• REQUIRED WORK: Could you print the stretch of lines below from the one with "하지만 시간이 지나며" through the one with "Tumble Dry low", exactly as they stand and without any pictures?
INFORMATION section start
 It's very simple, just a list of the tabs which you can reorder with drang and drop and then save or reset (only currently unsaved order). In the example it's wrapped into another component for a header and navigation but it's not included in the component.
INFORMATION section end
INFORMATION section start
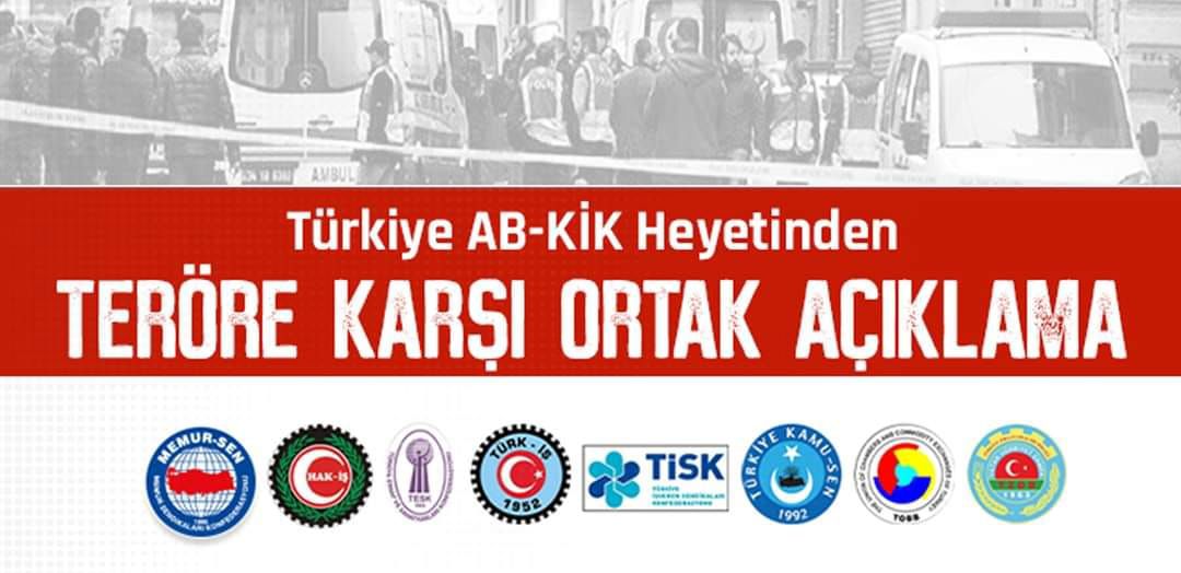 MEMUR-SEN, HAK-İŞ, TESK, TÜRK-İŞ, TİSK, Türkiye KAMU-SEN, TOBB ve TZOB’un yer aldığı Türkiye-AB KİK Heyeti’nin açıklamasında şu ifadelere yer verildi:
INFORMATION section end
INFORMATION section start
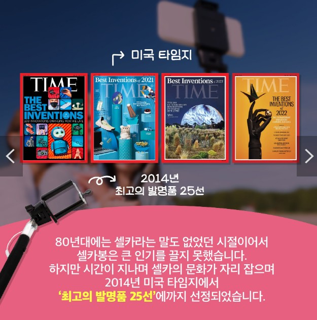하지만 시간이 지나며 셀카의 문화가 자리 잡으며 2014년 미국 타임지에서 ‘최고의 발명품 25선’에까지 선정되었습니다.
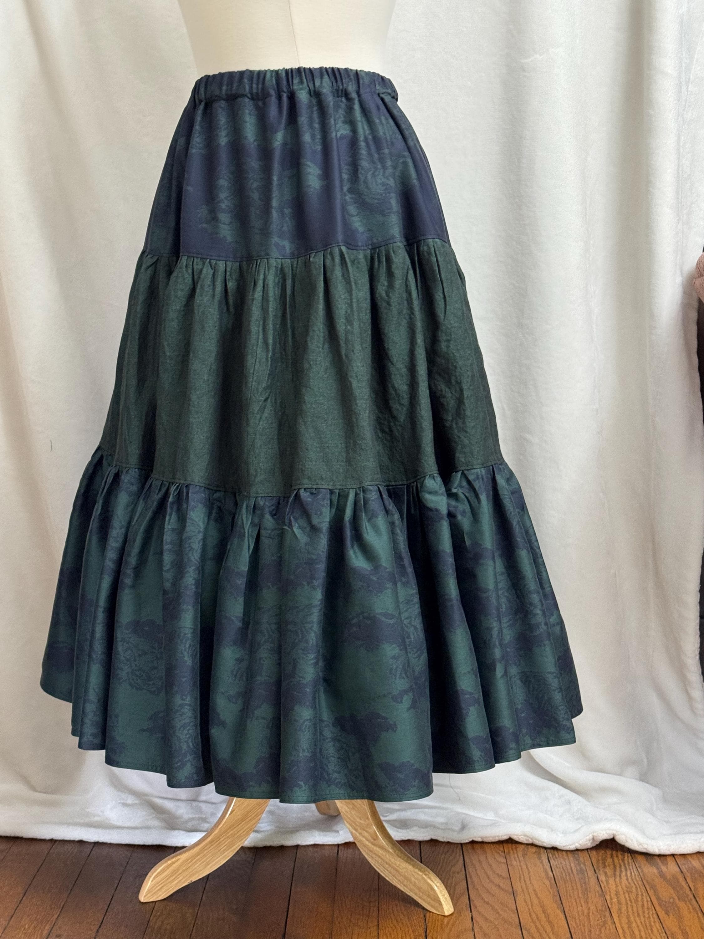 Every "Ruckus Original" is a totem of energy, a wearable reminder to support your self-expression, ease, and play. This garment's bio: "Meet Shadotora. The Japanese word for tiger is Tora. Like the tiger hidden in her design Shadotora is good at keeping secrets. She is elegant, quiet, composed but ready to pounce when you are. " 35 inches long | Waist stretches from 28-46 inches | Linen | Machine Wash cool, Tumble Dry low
INFORMATION section end
• ANSWER TO THIS TASK:
하지만 시간이 지나며 셀카의 문화가 자리 잡으며 2014년 미국 타임지에서 ‘최고의 발명품 25선’에까지 선정되었습니다.
 Every "Ruckus Original" is a totem of energy, a wearable reminder to support your self-expression, ease, and play. This garment's bio: "Meet Shadotora. The Japanese word for tiger is Tora. Like the tiger hidden in her design Shadotora is good at keeping secrets. She is elegant, quiet, composed but ready to pounce when you are. " 35 inches long | Waist stretches from 28-46 inches | Linen | Machine Wash cool, Tumble Dry low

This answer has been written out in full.